News

Mid career support for CSC cancer scientist

 4 February 2016  

Deborah Oakley

Simona Parrinello who leads the CSC’s Cell Interactions and Cancer group has won a ‘Programme Foundation Award’ from Cancer Research UK worth £1.5 million.

Simona Parrinello wins CRUK award

Cancer cells (green) use blood vessels (red) as a path of invasion to spread throughout the brain tissue (blue). (Credit: MRC CSC)

Parrinello studies glioblastoma, the most malignant and common form of brain cancer. “Life expectancy is just over one year. It’s very deadly and there is no adequate treatment,” says Parrinello. “Current treatments don’t work because the tumours spread throughout the brain, and can’t be fully removed by surgery. If we can target this spread, it may be possible to make therapies more effective.”

Scientists don’t yet know how the cancer cells invade the brain in patients with this condition. Parrinello hopes to identify what makes them different from ‘normal’ brain cells, and how they interact with these normal cells to allow this rapid spread. Preliminary data from her group goes some way to identifying the roles that particular molecules play, and this data formed the basis of the CRUK award, says Parrinello.

According to CRUK, the award “allows excellent cancer researchers… to establish or further develop their independent research group.”

“The grant means that we can continue to work on cancer. Without it, we wouldn’t be able to do this work,” says Parrinello, who will receive the funding over the next six years, starting in April. “We’re going to recruit four more people and double the size of our lab.”

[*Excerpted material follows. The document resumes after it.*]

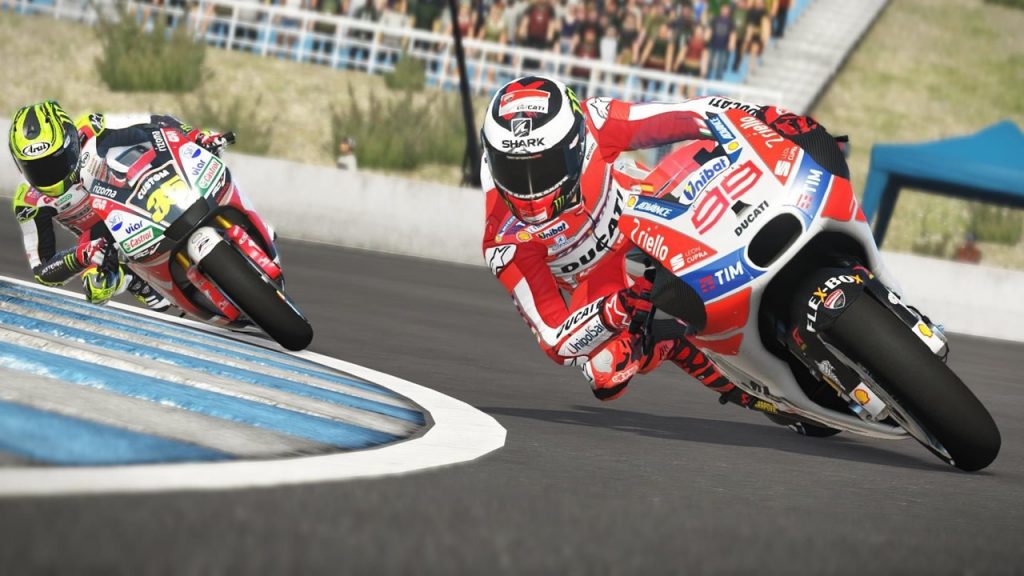Las cifras, que es algo que gusta conocer a todo el que está interesado en un juego de este tipo, no son las más altas de la simulación automovilística, pero tampoco se quedan cortas. 18 circuitos reales y oficiales, con distintos trazados para según qué pruebas, y unas 50 motos entre los modelos de las Leyendas y los actuales, pistas y vehículos con bastante nivel de detalle y cartelería a la orden del día, como es natural. En las configuraciones de cámara o momento del día y clima, encontramos exactamente lo que el año pasado, siendo la cámara con vista en primera persona la que mejor sensación de precisión en el control ofrece, y de nuevo bajo sol, nublado, lluvia, noche… Pero sin clima dinámico en carrrera y no excesivamente notable en comportamiento de neumáticos o visibilidad. Quizá ahí, donde está, está bien, ya que otros simuladores se empeñan en recrear las superficies resbaladizas y acaban por exagerar la humedad o los deslumbres del sol de frente.
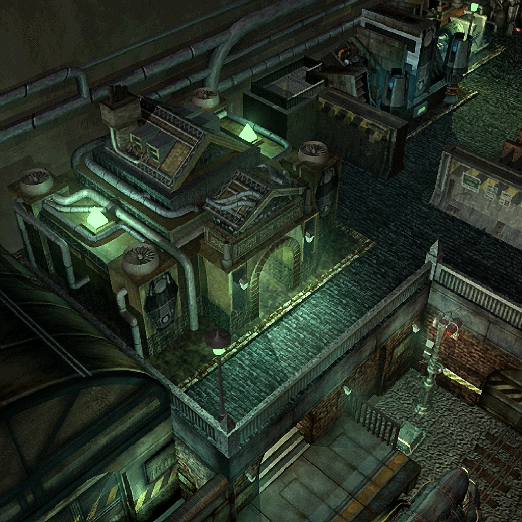 The Sector 1 area is walled-off area reached from the Sector 1 Station. It comprises a few small metal buildings across a stone floor alongside the wall surrounding Sector 1. Within the area are metal pipes, metal framing around the buildings, and dim street lamps. Above some metal framing is a screen, showing the words "INTRUDER", "WARNING", and four Kanji characters. In the center of the area is a narrow building resembling a bunker at its front with a large clock tower at its top.

This follows success for James Tomlinson, a Chain-Florey Clinical Lecturer in the CSC’s Nitric Oxide Signalling group, who was awarded his first independent grant in December. The award comes from the Academy of Medical Sciences to further his research on the genetics of kidney disease.

Three further awards to CSC scientists from the Biotechnology and Biological Sciences Research Council have also been confirmed. These go to Irene Miguel-Aliaga (who leads the Gut Signalling and Metabolism group), Andre Brown (who leads the Behavioural Genomics group), and Christian Speck (who leads the DNA Replication group).